Herausgegeben und aus dem Norwegischen übersetzt von Einhart Lorenz. Willy Brandts erstes Buch, auf Norwegisch geschrieben, konnte wegen der Kriegsereignisse nie erscheinen. Es sollte am 9. April 1940 ausgeliefert werden - dem Tag der Invasion der Deutschen in Norwegen. Die Gestapo setzte den Titel auf die Liste der verbotenen Bücher, beschlagnahmte und vernichtete es. Heute existieren nur noch wenige Originalexemplare. Erstmals erscheint es nun ungekürzt in deutscher Sprache.

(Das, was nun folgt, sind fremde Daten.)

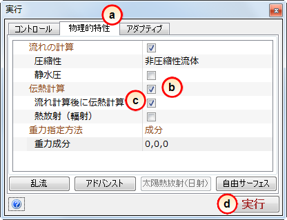 - c. [流れ計算後に伝熱計算]をオンにします。

Der Band leitete eine neue Etappe in Willy Brandts politischer Entwicklung ein. Europa wurde eine zentrale Kategorie in seinem Denken. Brandt fasst die Positionen der Großmächte über die Kriegs- und Friedensziele sowie die öffentliche Debatte über die Zukunftsvorstellungen für Europa zusammen. Er schildert die Vorstellungen der deutschen Opposition und der internationalen Arbeiterbewegung. In seinem Buch präsentiert Brandt auch seine eigenen Ideen einer föderativen Struktur des Kontinents und eines gerechten Friedens ohne Annexionen und erdrückende Entschädigungslasten. Der Text dokumentiert eindrucksvoll das außenpolitische Denken und die analytischen Fähigkeiten des erst 26-jährigen Autors.
Rezensionsnotiz zu
Frankfurter Allgemeine Zeitung, 24.11.2018
Petra Weber kündigt die erste vollständige Veröffentlichung der politischen Abhandlung Willy Brandts über den Zweiten Weltkrieg an. Den Übersetzer und Verfasser der Einleitung Einhart Lorenz hält sie für einen Kenner der Exiljahre Brandts, in die die von den Nazis verhinderte Publikation von Brandts Erstlingswerk im April 1940 fallen sollte. Beim Lesen erkennt Weber sowohl Brandts Prägung durch die Arbeiterbewegung, die ihn den Krieg als Resultat imperialistischer Politik sehen ließ, als auch dessen politische Ambitionen innerhalb der Friedenszieldiskussion seiner Zeit.